Gold investors have a prospect of income as inflation increases

In November, gold's price has risen by more than $ 100, but it has now entered a consolidation period.

Following the end of the current stage of the last rally on November 10, gold began to consolidate on November 11.

The rally began a day after the end of the Fed's November meeting. They announced that they would begin to reduce the accumulation of their assets in the amount of $120 billion at the end of the month and that the monthly reduction would be a total of $15 billion, and the reduction would continue until they reached zero. AAt the same time, it was pointed out in unison with the ECB and the Bank of England that the interest rates should remain extremely flexible.

The last case of massive accumulation of assets by the Fed was during the economic recovery after the recession of 2009, which was a direct result of the banking crisis in the United States. During the first quantitative easing, the net result of which was the Federal Reserve System with a balance sheet of about $4.5 trillion.

The Fed began to reduce its balance sheet around 2013 when it completed the reduction process. They reduced assets to $3.7 trillion.

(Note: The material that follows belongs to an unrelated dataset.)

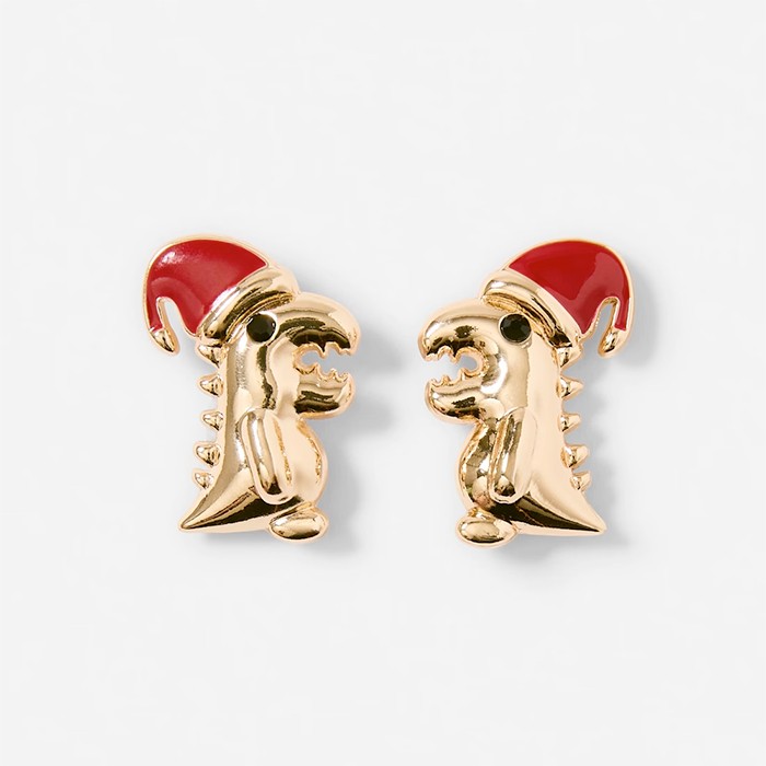 Christmas Dinosaur Earrings - Gold Tone and Red

At that time, they believed that further reduction would have a negative impact on the economic recovery that had begun.

However, compared to the accumulation of their assets during the recession of 2009, the current quantitative easing strategy by the Fed has led to the fact that the asset balance has increased to $8.6 trillion, which is about twice the amount of their assets that they accumulated in 2009. At the current rate of a $15 billion monthly reduction, it will take at least until June 2022 before they complete this process.

Despite the fact that there is a lot of uncertainty about when the Federal Reserve will start raising rates, it can be assumed that it will most likely happen in 2022, but no later than 2023.

Over the previous week, gold opened and closed in a certain price range. The recent price increase of more than $100 was a direct reaction to rising inflationary pressures. However, the Fed has a direct lever to reduce inflation – it is raising the interest rate. Higher rates will lower the price of gold.

But while inflation is rising, investors have a prospect in gold.